What is a “Read” ?

In a recent email from The Vocabula Review (Robert Hartwell Fiske) I received the strong admonishment that anyone using the word “read” as a noun (as in “It was a good read.”) was possibly causing the first brick to fall from the edifice of civilization. Now I highly recommend that everyone subscribe and read Fiske’s excellent online monthly The Vocabula Review, but I have a problem with this last bit of instruction: you see, I regularly refer to a non-specified article of human expression as a “read.”

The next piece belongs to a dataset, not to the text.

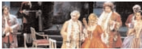
13:45 Opernhaus Düsseldorf, Garderobenfoyer UNTERWEGS IN DIE BOHÈME

Ein Wandelkonzert mit Beiträgen aus der Welt der Oper führt die Zuschauer durch und um das Opernhaus. Ab 14:30 Uhr dürfen die Besucher des Hauses die "Bretter, die die Welt bedeuten" betreten, wenn das OPERNSTUDIO eine gekürzte Fassung von Puccinis berühmter Oper "La Bohème" präsentiert, die der renommierte Regisseur CHRISTOF LOY einstudieren wird.

We all know that language evolves, grows, simplifies, changes, and not always for the best. However, some words and word usage are being honored for its exactness and elegance based on a 19th century reader with a leather-bound volume open beneath a flickering candle in the library or under the covers in a frosty bed. Compare this to sitting comfortably in a well-lit room reading hefty novels contained in a small electronic device with a backlit screen and automatic scrolling. Or perhaps you “read” a book that is on a CD playing in your vigorous Ford war wagon approaching grandmother’s house with the kids in the back seat watching their favorite stories on DVD players mounted on the backs of the seats or flipping down from the headliner.

TVR

So Fiske tells me not to refer to a “read” but what is the generic term I should use. I can’t say “book” because I might be listening to it on tape. Fact is, I can’t think of any one term that would cover all the ways we read today. You might make the argument that I should be specific and say book if it was a book, tape if it was a tape, granny if it was a story read out loud in front of the fireplace with the wolves howling outside. But that might be how I ingested the “book” and not necessarily how you will engage with the text. So I say you should “read a book” and you think “I would rather listen to a tape of a book”—I say “read” and you say “listen”—but the end result is the contents of the author’s work seeps into our hearts, brains, and RLS centers.

TDV

I contend that the single word “read,” albeit a noun wrenched from a verb, is acceptable as a collective noun representing all the ways and materials that may be encountered in the process of “reading” a text. By referring to the end result as a “read” there is no need to go into the mechanical specifics of the text-ingestion process.

Your opinion differs?

2 thoughts on “What is a “Read” ?

  1. Would the parallel use of the noun “listen” as in “give it a listen” also be considered barbaric or would it offer supporting evidence that a “read” should be considered an acceptable English noun?